Li Chiao-Ping's evening-length "Painkillers" elicits no emotional release, but instead dissects pain's roles in our lives. Li -- whose Madison, Wis., troupe Li Chiao-Ping Dance performed Saturday at Dance Place in collaboration with video artist Douglas Rosenberg -- created a full experience, blending video, live music and dance in a program as much installation as performance. Screens on three walls of the stage encapsulated a tense world by zooming in on states of love, lust and fear, investigating pain's emotional and physical roots.

Li's choreography achieves its heights in tiny ways. Her dancers move incrementally, drawing the eye to the arch of one foot or a tiny tilt of one hip. Throughout "Painkillers," dancers trembled, their mini-seizures confined to one arm or leg. The shaking repetition gained voice explosively in a solo, as Collette Stewart heaved in a series of orgasms that were far too literal to fit within the work's abstraction.

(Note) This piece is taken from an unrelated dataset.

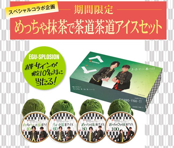 吉本興業株式会社「エグスプロ-ジョン」(代表取締役社長:岡本昭彦/本社所在地:大阪府)と、株式会社京都利休園(代表取締役:中井保仁/本社所在地:京都府)は2024年12月14日より、「エグスプロージョン」×「京都利休園」のコラボレーション商品『めっちゃ抹茶で茶道茶道アイス』を販売開始いたします。

Rosenberg's videos worked well. Close-ups of red-lipsticked dancers filled the screens, speaking about their experiences of pain. The best use of video featured grainy gray shadows of flying birds during an early solo by Li. She paused to pose, then gentle shifts of weight pushed her along, her large, slowly changing shadow swept up by the surging birds.

Live music composed and performed by Daniel Feiler and Ryan Smith charged the atmosphere and gave clues to sections' intents, particularly a romantic, Italian-flavored lilt played during a duet of embraces and partnered dips that alluded to the potential pain invited by falling in love.

-- Clare Croft

Subtle movement and repetition pointed up the theme in the Li Chiao-Ping Dance performance of "Painkillers" on Saturday at Dance Place.